Federal prisoners make 12 to 40 cents an hour, while many state prisoners are paid nothing. If anything has changed in the last 45 years, the exploitation and treatment of prisoners is now worse. There’s an increase of overcrowding and convictions for the victimless crime of drug possessions, for which no other imperialist country imprisons its population.
In preparation for this nationwide strike, there have been many smaller local strikes over the last few months in prisons throughout the U.S. Prisoners realize that without their labor—cooking, cleaning, and maintenance—prisons come to a halt. Private manufacturing and commercial corporations also exploit their labor, in conditions approximating outright slavery.
Prison Labor is Slavery
In Douglas Blackmon’s 2008 book Slavery By Another Name: The Re-Enslavement of Black Americans from the Civil War to World War II, he described this altered but continued form of slavery.
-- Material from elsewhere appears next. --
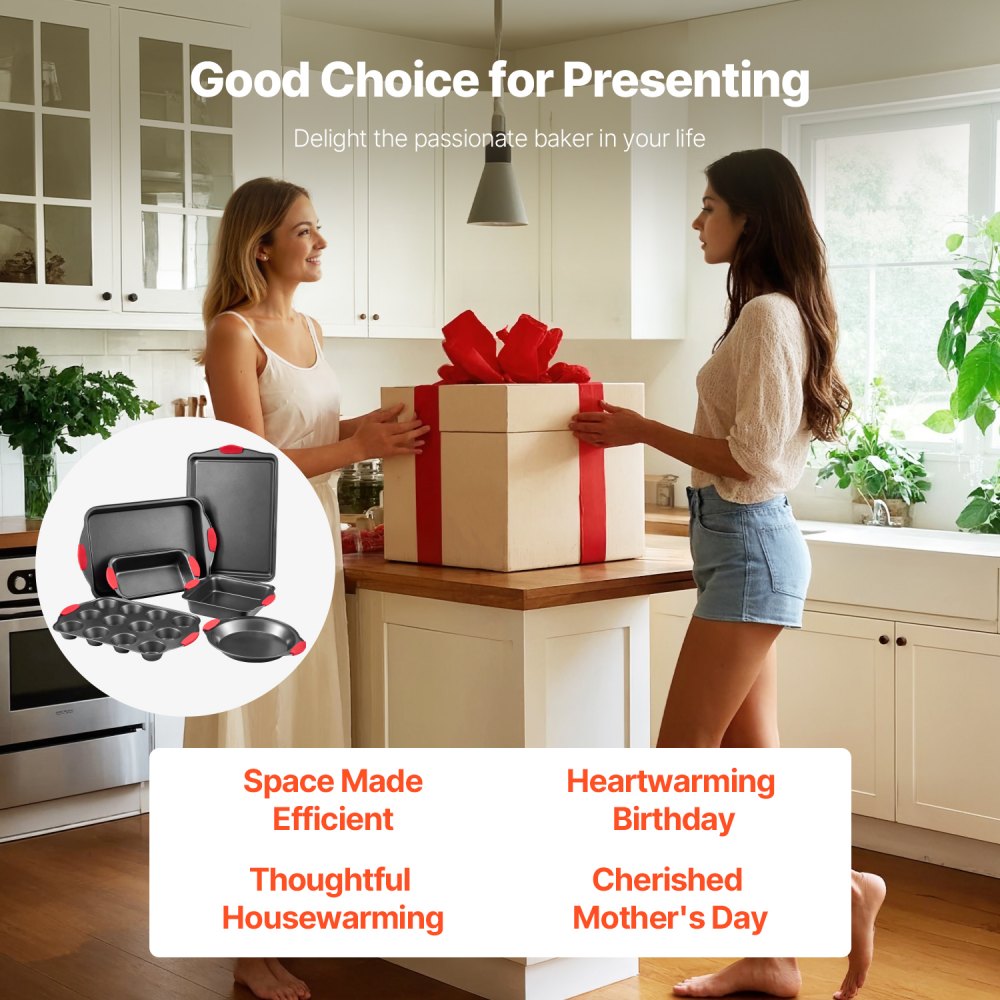 Juego de Sartenes para Hornear, 6 uds, Bandejas y Hojas de Acero al Carbono Antiadherentes, Utensilios de Cocina Apilables para Horno con Asas de Silicona, para Hornear Galletas, Negro

But it didn’t end with World War II, as it continues in force today with the highest prison population in the world, both absolutely and proportionately. U.S. prisons house 2.2 million men and women, with Black and Latin workers disproportionately represented, due to the racist injustice system, but with roughly comparable total numbers of white workers. But today unity across racial lines led by Black prisoners stands out just as it did in the 1971Attica rebellion.
Mass imprisonment was revived with the “War on Crime” begun during the Johnson administration in the 1960s and continued with Bill Clinton’s tremendous acceleration of incarceration and enlargement of city police forces around the country—both liberal Democrat presidents. Both liberals and conservatives push for racist increases in prison populations, whether through “law and order” campaigns, “war on drugs,” or other forms of mass incarceration. We have only ourselves, the working class, to rely on.
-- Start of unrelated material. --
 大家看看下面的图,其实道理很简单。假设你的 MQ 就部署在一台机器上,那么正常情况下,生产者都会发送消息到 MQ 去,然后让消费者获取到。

Exploitation and extreme oppression of workers, both inside and outside of prisons, will only end when millions of workers everywhere join and help to build the PLP to lead a global revolution to rid the world of capitalism. In its place, we must organize a worldwide communist system run by workers, for the benefit of humanity as a whole (minus the former bosses and their supporters). Communism will be based on our vital needs, with no possibility of profitmaking.